Effective: 1st August 2024
DEFINITIONS
In these Terms and Conditions, the following definitions apply:
Agreement: The legally binding contract between Yes Events Ltd (the Company) and the Client for the provision of services and equipment hire.
Booking Confirmation: Document supplied by the Company confirming the details of the Event, including dates, times, fees and top level services.
Deposit: An initial non-refundable payment made by the Client to secure the booking.
Days: Calendar days
Charges / Fees: Amounts payable by the Client for the services and equipment as specified in the Quotation, Proposal or Invoice.
Client: The individual or entity identified in the Booking Confirmation under ‘Client Details’
Company: Yes Events Ltd.
Event: The occasion for which the services and equipment are required.
Start Date: For the avoidance of doubt, the start date is considered to be the ‘Installation Start’ as shown on the Agreement.
Services: The services provided to the Client including (but not limited to) delivery, installation, operation and removal of equipment.
Quotation / Proposal: A document provided by the Company to the Client detailing the services (and equipment if relevant) that will be delivered.
Venue: Anywhere, other than the Company Premises, where the services are provided or where the equipment is located / to be used.
- CHANGES
The Company provides and the Client accepts the Services subject to the Contract which shall not be varied except as confirmed in writing by the Company.
- BOOKING CONFIRMATION
2.1. – A booking will only be confirmed and subject to our terms upon the earlier of any one of the following:
- 2.1.1. – receipt by the Company a Purchase Order, verbal or written confirmation to proceed of the quotation from the Client (or representative thereof)receipt by the Company of this Agreement signed by the Client (or representative thereof)
- 2.1.2. – receipt by the Company of this Agreement signed by the Client (or representative thereof)
- 2.1.3. – receipt by the Company of payment by the Client (or representative thereof) in line with our payment terms outlined in clause 4.
- DURATION.
This Agreement is effective from the point at which the booking is confirmed in accordance with Clause 2 and will remain effective until the later of:
- 3.1. – satisfactory completion of the services as described in the Event Booking Confirmation as determined by the Company; or
- 3.2. – removal of the Company’s equipment from the Event site; Unless otherwise terminated or extended in accordance with the terms of this Agreement.
- PROVISION OF SERVICES
- 4.1. – The total provision of services agreed are outlined within the quotation / proposal documentation.
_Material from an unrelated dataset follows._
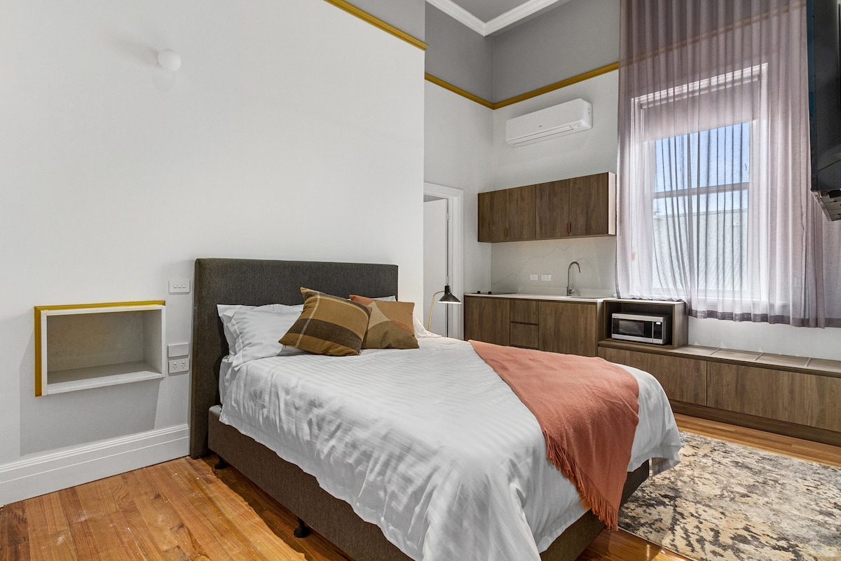 Located in the Old Town Hall - Our meticulously designed two bedroom suite offers the perfect balance of luxury and comfort. Boasting 2 Bedrooms with Queen Beds, a well-appointed kitchenette equipped with essential appliances, a large modern bathroom with shower, flat screen Tv's and complimentary wifi. Rooms located on level one, accessible via stairs only

Additional services may be provided upon written confirmation from the Company upon request from the Client.
- 4.2. – The Company may sub-contract any of its obligations to a competent third party.
- 4.3. – The Company may at any time, and without notification and liability to the Client, make any change to the Services such as are reasonably necessary to comply with any applicable legislation, regulation, licensing condition, planning requirement or direction of any competent authority, whether relating to the Location or otherwise. The Company shall use its reasonable endeavours to procure that such amendment to the Services does not materially alter or diminish the nature of quality of the Service.
- OWNERSHIP, LIABILITY, AND LIMITATIONS
- 5.1. – All equipment supplied by the Company for the Event remains the exclusive property of the Company. The Client acknowledges that they have no ownership rights, title, or interest in the equipment. The Client agrees that the Company has the right to access any location where the equipment is situated to remove it as needed.
- 5.2. – The Company will have final sign off on the completion of the services to a safe and satisfactory level.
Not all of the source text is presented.